RESEARCH DESIGN AND METHODS

This 4-week study was a double-blind, randomized, parallel-group trial in subjects with type 2 diabetes. The study was performed according to the Declaration of Helsinki, and informed consent was obtained from all participants.

A total of 20 patients entered the study, 19 of whom were randomized to treatment groups. Patients entering the study had not previously received drug treatment for type 2 diabetes and had been diagnosed with the disease for at least 1 year. Patients were randomly assigned to receive repaglinide, 0.75 mg daily, in one of two treatment regimens. The group assigned to receive repaglinide with each meal received a 0.25-mg dose before each of the three main meals; the group assigned to receive two daily doses received 0.5 mg repaglinide before breakfast and 0.25 mg before the evening meal, with a placebo tablet taken with lunch.

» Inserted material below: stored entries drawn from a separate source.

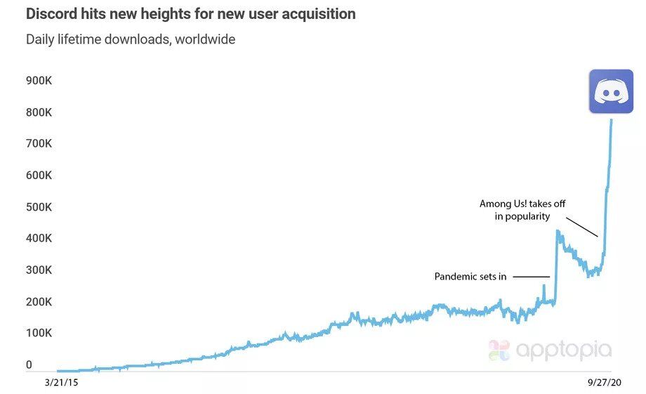 A Discord letöltésszámának folyamatos növekedése és rekordja minden bizonnyal az Among Us népszerűségének köszönhető, hiszen a játékhoz elengedhetetlen a folyamatos kommunikáció. Mivel a játékot a mobilosok és a PC-sek együtt játszhatják, szinte kötelező, hogy beszélni tudjanak egymással. A Discord erre kiválóan alkalmas.
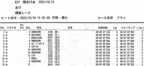 | 2023年10月19日(木) エビスで模擬レース | |||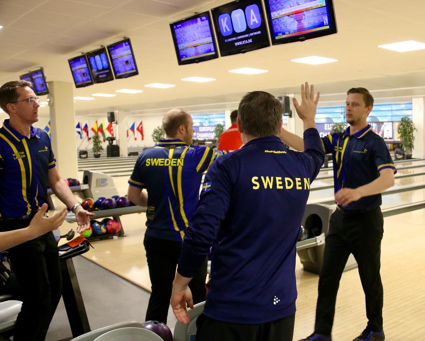 Igår inleddes lagdistansen vid EM i Ålborg. Sverige intog banorna under torsdagseftermiddagen i squad 2. Blågult inledde med 1048 poäng i den första serien. Det ledde till att de placerade sig som tvåa i squad 2 efter Italien som var i topp. I den andra serien fick Sverige ihop 1018 poäng samtidigt som Italien hade problem och Sverige avancerade till första plats i squad 2. I den tredje serien stötte blågult på ett kämpigt banpar vilket ledde till 916 poäng. Ukraina slog 1080 i serie tre och passerade Sverige i squad 2. Blågult är totalt på fjärde plats i kvalet med 2982 poäng inför fredagens resterande tre serier.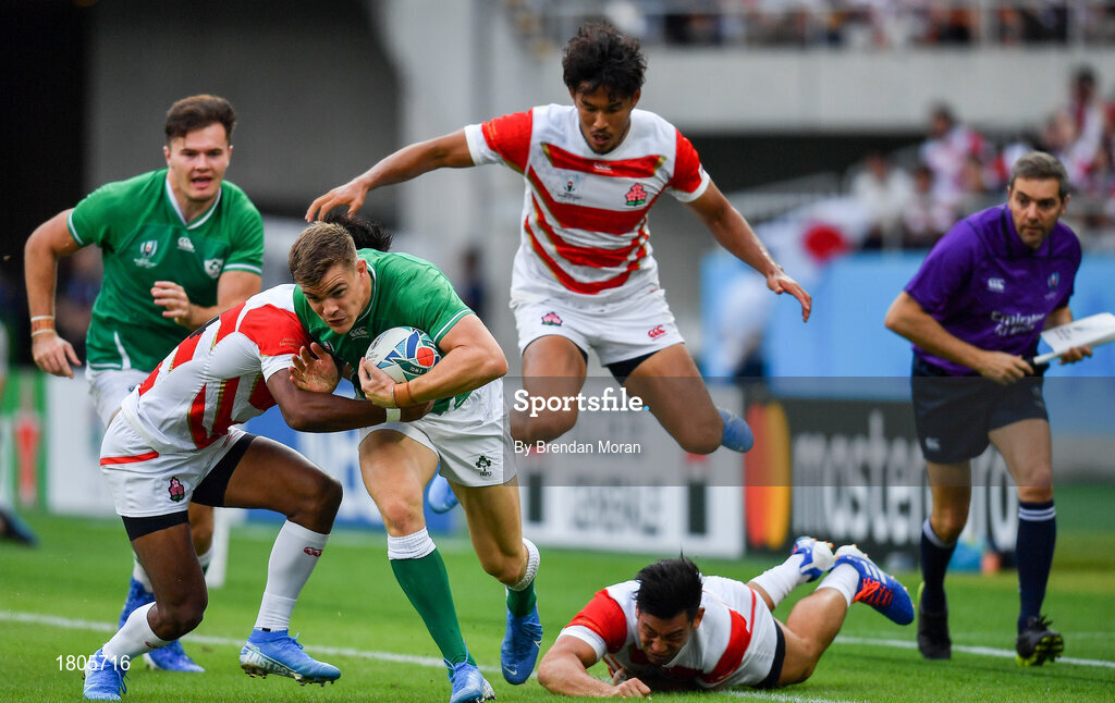 28 September 2019; Garry Ringrose of Ireland is tackled by Kotaro Matsushima of Japan during the 2019 Rugby World Cup Pool A match between Japan and Ireland at the Shizuoka Stadium Ecopa in Fukuroi, Shizuoka Prefecture, Japan. Photo by Brendan Moran/Sportsfile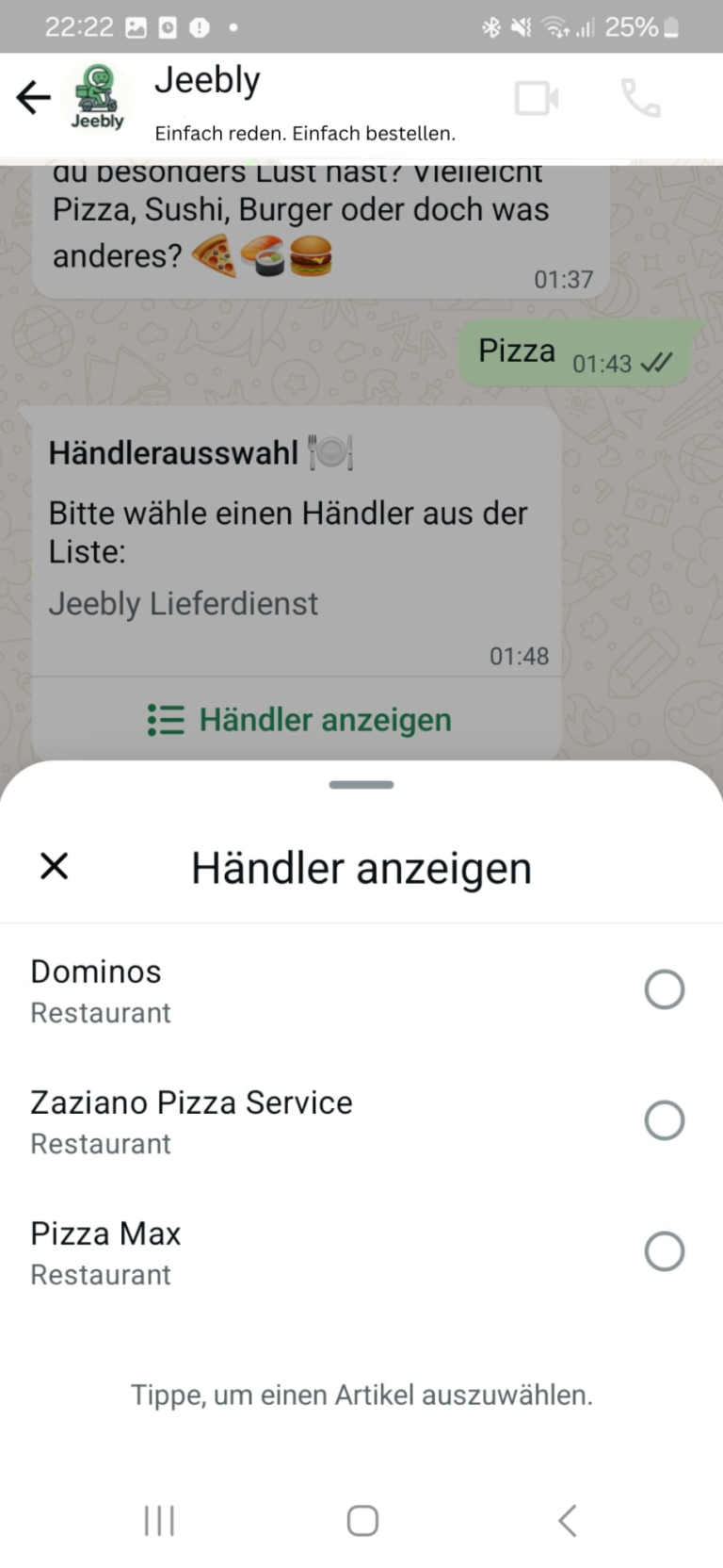 Bestellen über WhatsApp – ganz ohne App oder Konto.

Mealtime dosages were doubled in all patients after 2 weeks (i.e., to a total daily dose of 1.5 mg repaglinide in both groups). Of note, in a group of drug-naive and previously sulfonylurea-treated type 2 diabetic patients, 0.5 mg repaglinide three times a day has been demonstrated to lead to ∼70% of the maximal glucose-lowering effect (15). Two patients withdrew due to adverse events (one patient with influenza and one with mild hypoglycemia), and one patient was excluded from analysis due to noncompliance with study criteria. The 16 remaining patients had a mean age 58 ± 6 years (± SD), BMI 32 ± 5 kg/m², and known duration of diabetes 3.5 ± 4.0 years. Mean baseline fasting blood glucose was 11.2 mmol/l and HbA_1c was 7.3%.

Twenty-four-hour profiles for blood glucose, plasma insulin, and plasma C-peptide were measured at baseline and after 4 weeks. These profiles were each based on 43 measurements. In addition, a 24-h profile for plasma repaglinide was also obtained after 4 weeks. On both occasions, patients received a standard breakfast (2,213 kJ) at 8:00 a.m., followed by lunch at noon and an evening meal at 6:00 p.m. Lunch and the evening meal were individualized according to weight and were identical for each patient at baseline and the 4-week visit.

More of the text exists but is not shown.